┌────────

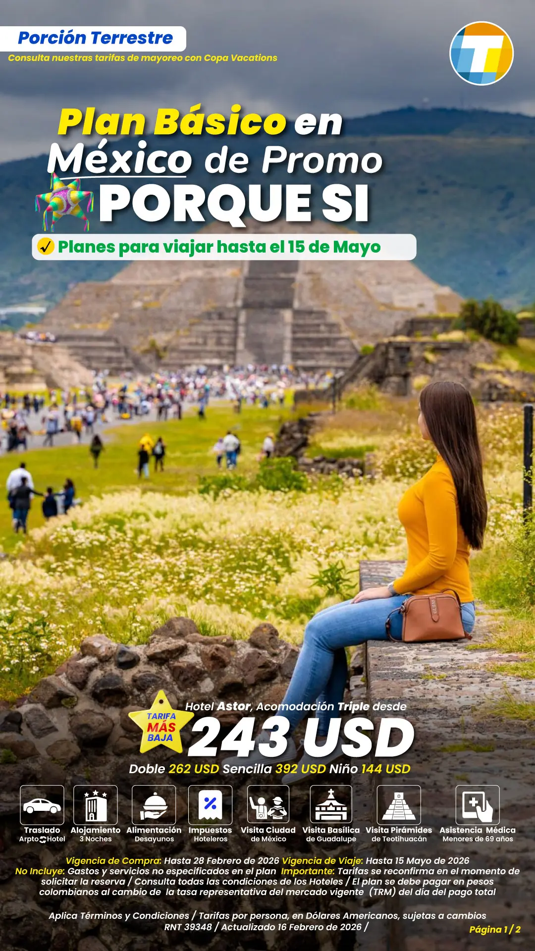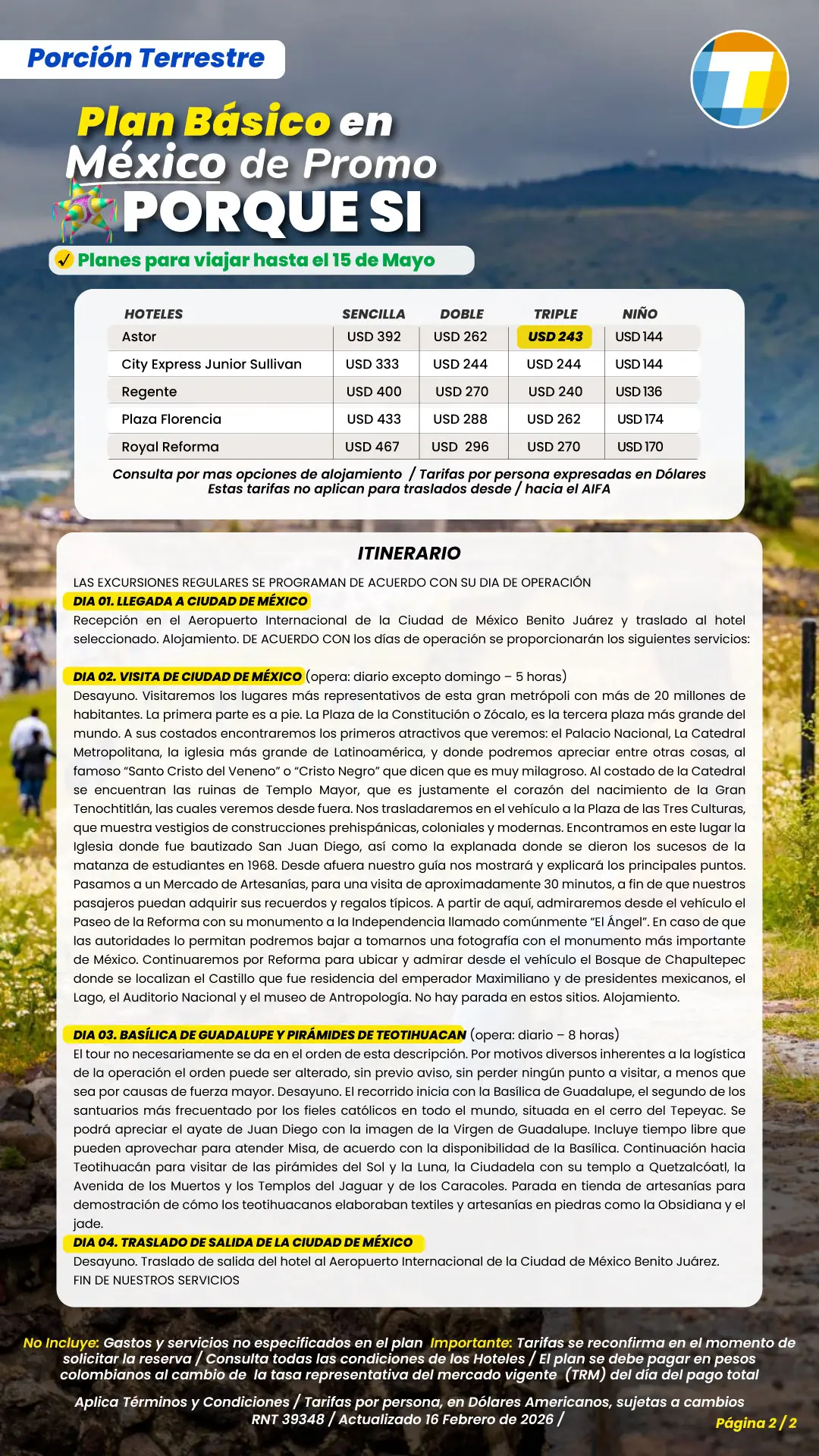 Tarifas por persona en Dólares Americanos, sujetas a cambios sin previo aviso, sujetas a disponibilidad de cupos.
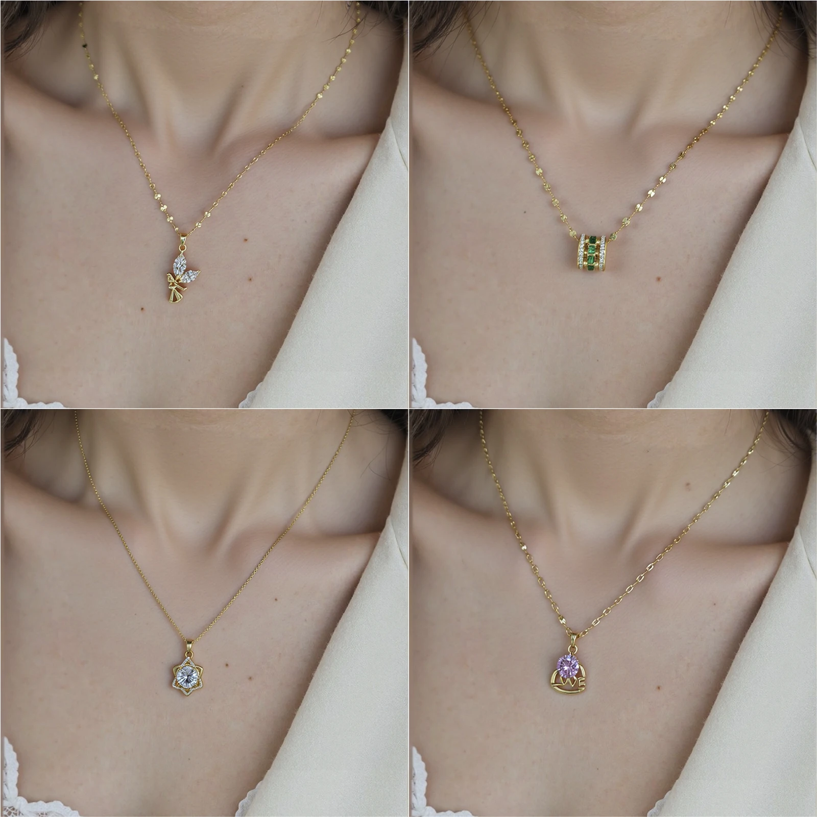 18-каратное позолоченное ожерелье из нержавеющей стали для женщин, медное ожерелье с подвеской, позолоченное сердце, бабочка, циркон, ювелирные изделия
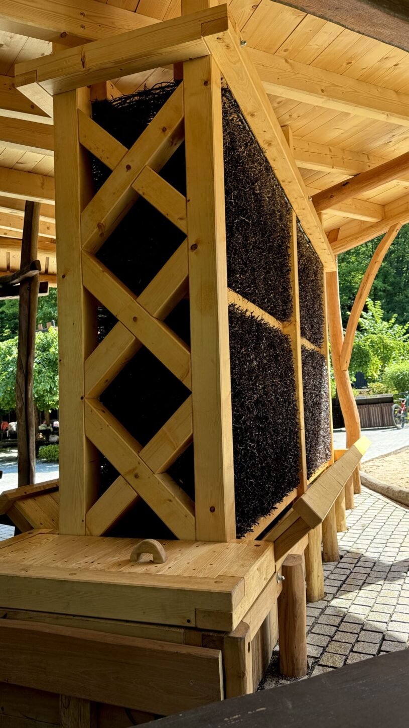 Gdy woda delikatnie przesącza się po gałązkach, w powietrzu tworzy się subtelna mgiełka przypominająca nadmorski aerozol. Każdy głęboki wdech przynosi porcję jodu, bromu, magnezu czy sodu, a organizm reaguje natychmiast – uspokojeniem oddechu, rozluźnieniem mięśni, poprawą samopoczucia. To inhalacja w najczystszej postaci, której nie trzeba szukać setki kilometrów dalej nad morzem. Tężnia wytwarza naturalny mikroklimat bogaty w jod, brom, magnez, potas i inne cenne mikroelementy. Wystarczy godzinna inhalacja, by dostarczyć organizmowi dawkę jodu porównywalną z trzydniowym pobytem nad Bałtykiem. Woda używana w tężni pochodzi z kopalni wody leczniczej Solankowa Kraina w miejscowości Sól, znanej z tradycji wykorzystywania solanki od XV wieku.
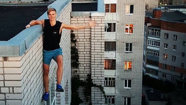 Семнадцатилетний руфер Андрей увлекался экстремальными фотографиями. Он покорил не одну крышу и старательно готовился из раза в раз, продумывая страховку. Но этот снимок стал последним: руфера подвел порвавшийся трос, за который держался молодой человек. Фото сделано за 10 секунд до его смерти.

└────────

Print only the lines running from the line that contains "Gdy woda delikatnie" to the final line of the listing, both included. Omit every picture.

Solution to this exercise:
 Gdy woda delikatnie przesącza się po gałązkach, w powietrzu tworzy się subtelna mgiełka przypominająca nadmorski aerozol. Każdy głęboki wdech przynosi porcję jodu, bromu, magnezu czy sodu, a organizm reaguje natychmiast – uspokojeniem oddechu, rozluźnieniem mięśni, poprawą samopoczucia. To inhalacja w najczystszej postaci, której nie trzeba szukać setki kilometrów dalej nad morzem. Tężnia wytwarza naturalny mikroklimat bogaty w jod, brom, magnez, potas i inne cenne mikroelementy. Wystarczy godzinna inhalacja, by dostarczyć organizmowi dawkę jodu porównywalną z trzydniowym pobytem nad Bałtykiem. Woda używana w tężni pochodzi z kopalni wody leczniczej Solankowa Kraina w miejscowości Sól, znanej z tradycji wykorzystywania solanki od XV wieku.
 Семнадцатилетний руфер Андрей увлекался экстремальными фотографиями. Он покорил не одну крышу и старательно готовился из раза в раз, продумывая страховку. Но этот снимок стал последним: руфера подвел порвавшийся трос, за который держался молодой человек. Фото сделано за 10 секунд до его смерти.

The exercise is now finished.